■ What the task asks ■
Where a picture occurs in the data, omit it, and copy all remaining data exactly.

■ Source data ■
....

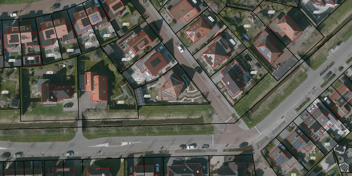Het perceel waarop Sloep 1 staat heeft een oppervlakte van 594 m². Dit is een groot perceel. De perceeloppervlakte wordt geregistreerd door het Kadaster. Gedetailleerde informatie over de maten van dit perceel kunt u vinden in het rapport Kadastrale kaart met maatvoering van Sloep 1.
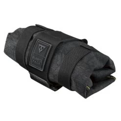 A compact roll-up with three compartments and internal organizers to keep gear and small items neatly in place. The durable water repellent and stain resistant coating keeps contents dry and cleans up easily. Secure strap provides tool-free mounting to frame tube, seat post or to saddle rails.
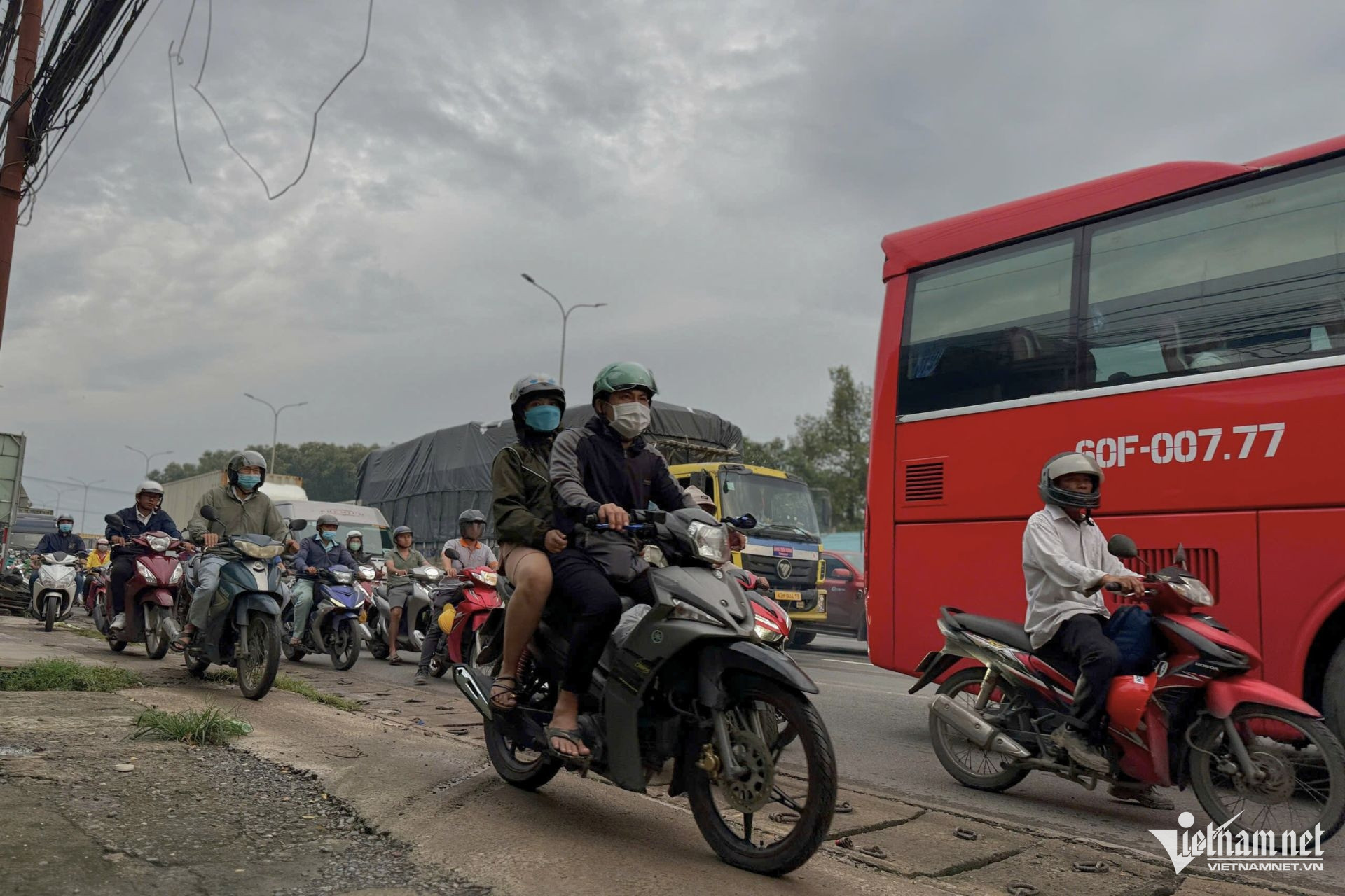 Tình hình càng trở nên phức tạp khi nhiều xe tải, xe khách lấn vào làn xe máy, gây khó khăn cho việc di chuyển. Thậm chí, nhiều người điều khiển xe máy bất chấp nguy hiểm, leo lên lề đường để tìm lối thoát.

....

■ Solution ■
Het perceel waarop Sloep 1 staat heeft een oppervlakte van 594 m². Dit is een groot perceel. De perceeloppervlakte wordt geregistreerd door het Kadaster. Gedetailleerde informatie over de maten van dit perceel kunt u vinden in het rapport Kadastrale kaart met maatvoering van Sloep 1.
 A compact roll-up with three compartments and internal organizers to keep gear and small items neatly in place. The durable water repellent and stain resistant coating keeps contents dry and cleans up easily. Secure strap provides tool-free mounting to frame tube, seat post or to saddle rails.
 Tình hình càng trở nên phức tạp khi nhiều xe tải, xe khách lấn vào làn xe máy, gây khó khăn cho việc di chuyển. Thậm chí, nhiều người điều khiển xe máy bất chấp nguy hiểm, leo lên lề đường để tìm lối thoát.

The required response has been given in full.